Exercise description:
Exactly reproduce the lines beginning with the line that includes "Wingstem, New England" and ending with the last line of the data.

Top of Records provided

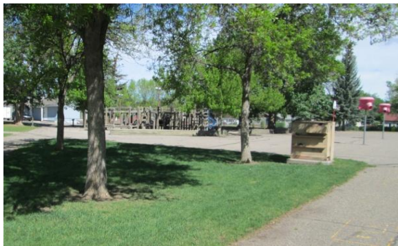
View of the Westminster Playground, 2013.

Enhancement Project in 1990 when new equipment was purchased and the playground was updated.
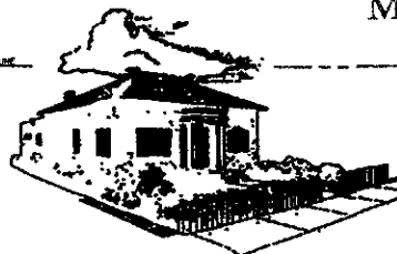
CITY HALL 1903

616 Sixth St. * Rapid City, SD 57701 * 605/721-7310 FAX: 605/721-7313 * E-MAIL: Gary@RennerAssoc.com * Spearfish 605/717-0016 *
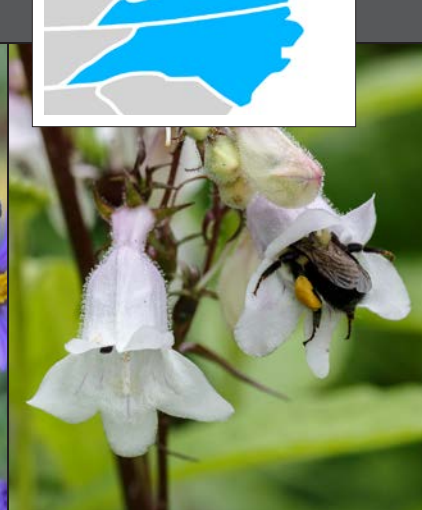
Wingstem, New England aster, and smooth penstemon

The Mid-Atlantic Region encompasses North Carolina, Virginia, West Virginia, Maryland, Delaware, New Jersey, Pennsylvania, and Washington, D.C. High regional variation in topography, soils, and climate has resulted in tremendous ecological diversity, ranging from the salt marshes and wetlands of the eastern Coastal Plain, to the spectacularly species-rich deciduous forests and riparian communities of the Piedmont foothills and Appalachian Mountains.

Bottom of Records provided

Solution to the exercise:
Wingstem, New England aster, and smooth penstemon

The Mid-Atlantic Region encompasses North Carolina, Virginia, West Virginia, Maryland, Delaware, New Jersey, Pennsylvania, and Washington, D.C. High regional variation in topography, soils, and climate has resulted in tremendous ecological diversity, ranging from the salt marshes and wetlands of the eastern Coastal Plain, to the spectacularly species-rich deciduous forests and riparian communities of the Piedmont foothills and Appalachian Mountains.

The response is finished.